«Los trastornos alimentarios, como la anorexia nerviosa y la bulimia, se caracterizan por una grave alteración del comportamiento alimentario y una preocupación excesiva por el peso y la forma corporal».
Fairburn, C. G. (2008)
El Rol de los Progenitores
Los progenitores juegan un papel fundamental en la modulación de la dieta alimentaria de los niños. El vínculo que se establece entre padres e hijos influye directamente en la futura relación del niño con la comida, afectando su capacidad de autorregulación y sus hábitos alimentarios a lo largo de su vida (Pietrobelli et al., 2020). Durante la infancia, la alimentación no es solo una necesidad fisiológica, sino también emocional, y la manera en que los padres gestionan este proceso puede impactar profundamente en la salud psicológica y emocional del niño.
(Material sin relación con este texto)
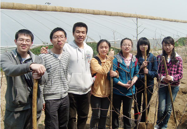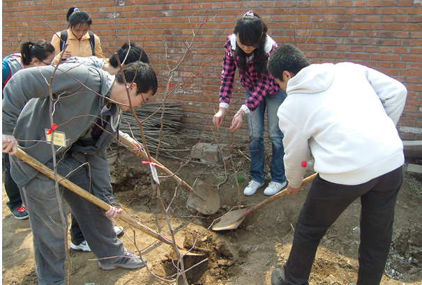 上午 9 点半同学们抵达赵各庄,先向工作人员详细了解植树步骤后便 开始行动。大家认真地挖树坑,担水,栽树,浇水。看着那些寄给予了大家感恩、祝福与希望的小树苗,大家脸上也都露出了欣慰而幸福的笑容。同学们通过劳动,实践了植树的知识,也为周围环境增添了一抹绿色。
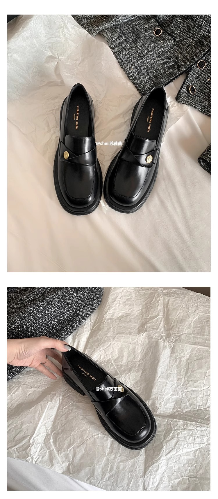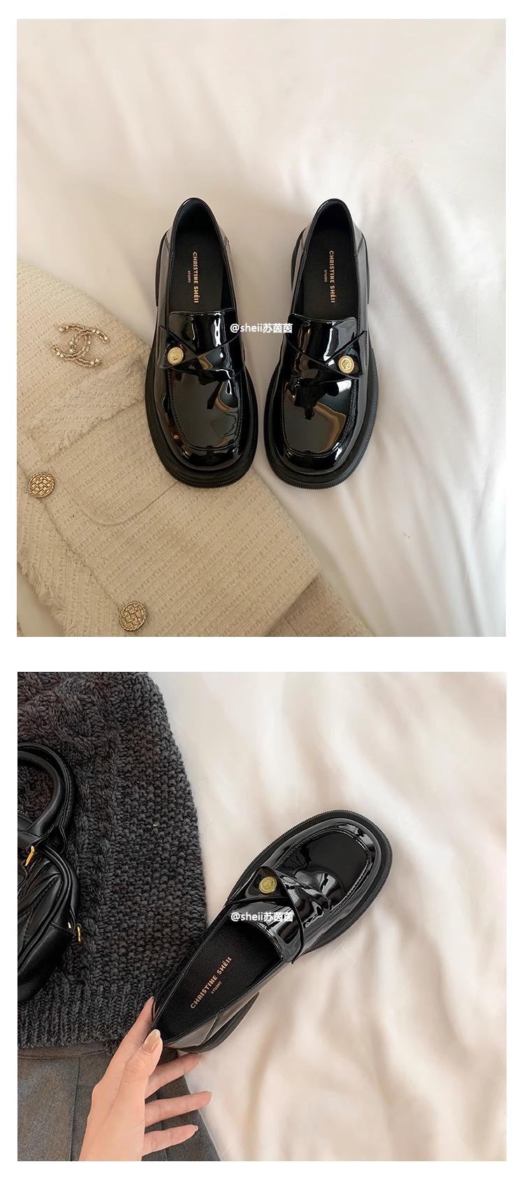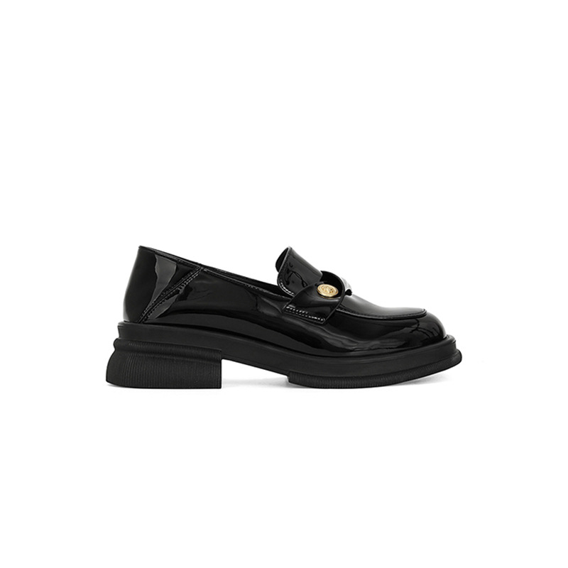 재고 있음 Su Yinyin의 봄, 가을 스타일 복지 특허 가죽 작은 금화 두꺼운 밑창 두꺼운 굽 게으른 로퍼 여성용 작은 가죽 신발스토어 가기
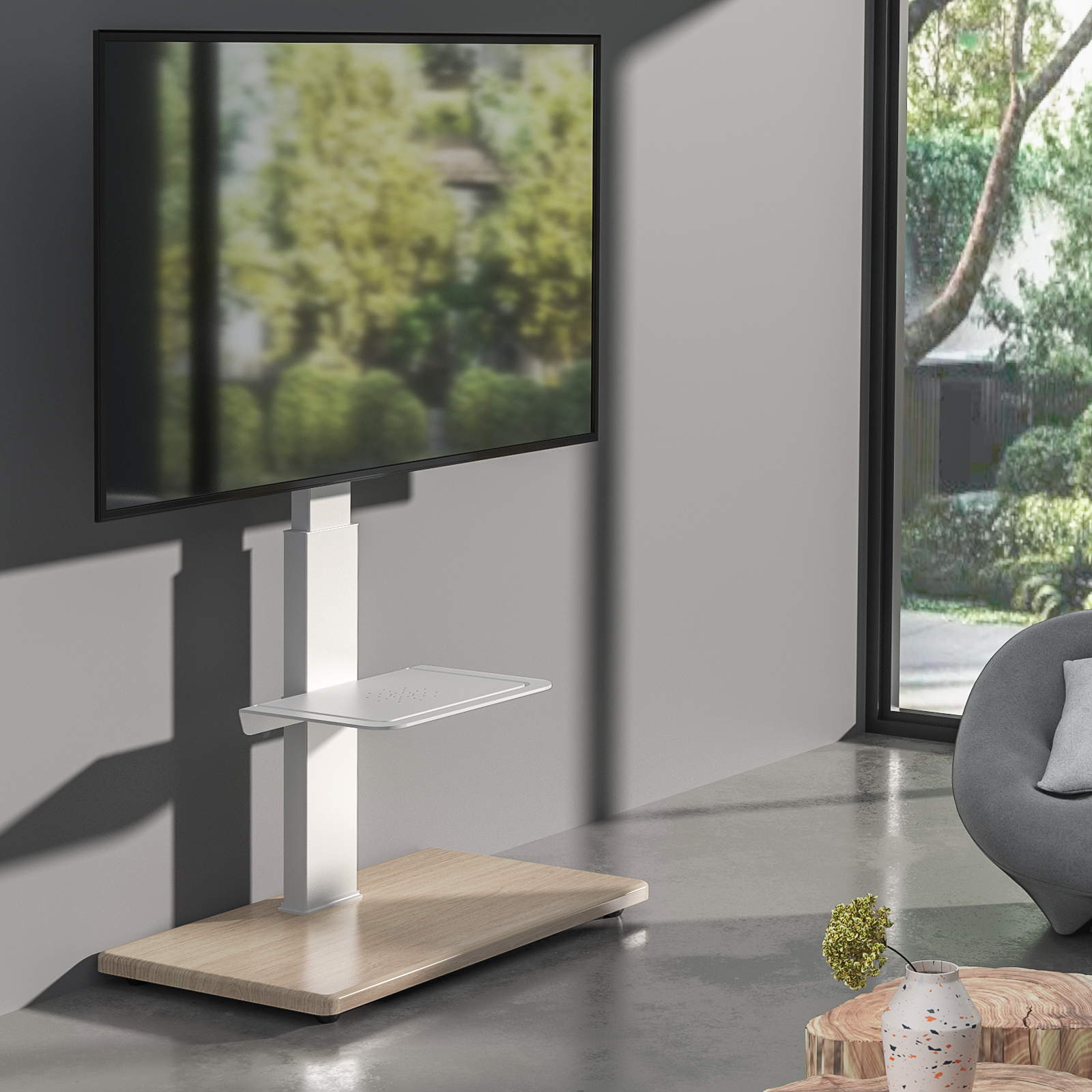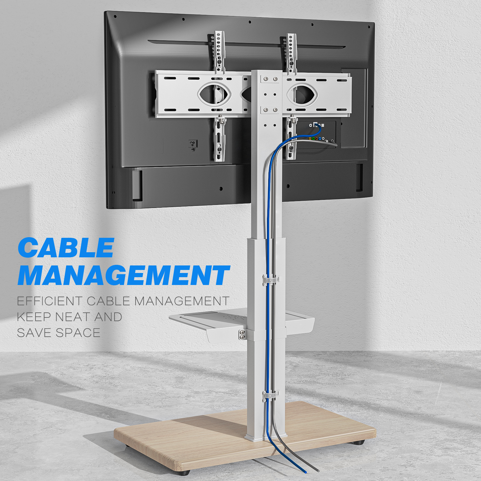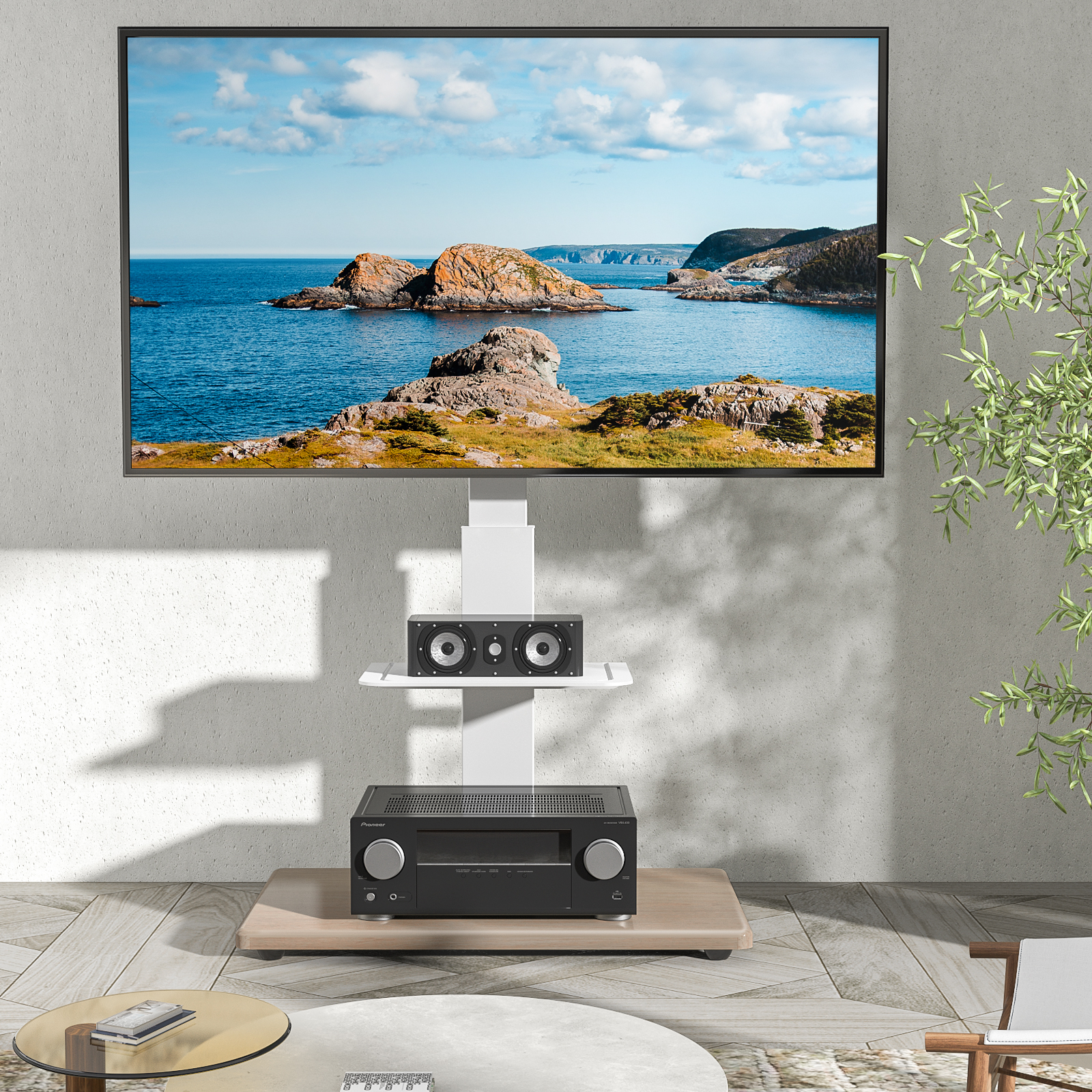●[STORAGE&WIRE MANAGEMENT]This tv stand with mount is equipped with two removable metal shelves and a hard wood base to hold yor A/V components, cable box, DVD player or gaming systems. To keep your place tidy, it features a wire management solution to organize and conceal the wires or cables in the back of the stand.

El origen de los trastornos alimentarios, como la anorexia y la bulimia, no se puede atribuir a una única causa. Estos trastornos son el resultado de un complejo proceso que incluye tanto factores genéticos como ambientales, y se vinculan al desarrollo evolutivo del niño en relación con la alimentación. La transición desde la dependencia total de la madre hacia la independencia y autorregulación alimentaria es crucial en este sentido (Lock & Grange, 2019).
En este proceso, el bienestar emocional del niño juega un papel crucial. Durante el desarrollo, el niño pasa por fases de bienestar y malestar. Cuando no se satisfacen las necesidades básicas de cuidado, aprecio y afecto, se pueden desarrollar sentimientos de inseguridad y baja autoestima. Esto puede llevar a conductas de dependencia emocional y física, que más adelante se manifiestan en trastornos alimentarios. Si el malestar emocional del niño (una “hambre de afecto”) se intenta compensar con comida, se pueden establecer patrones de conducta que prefiguran la anorexia o la bulimia (Fairburn & Harrison, 2021).
La relación con los padres y el entorno emocional en el que crece el niño son determinantes en la aparición de futuros trastornos alimentarios.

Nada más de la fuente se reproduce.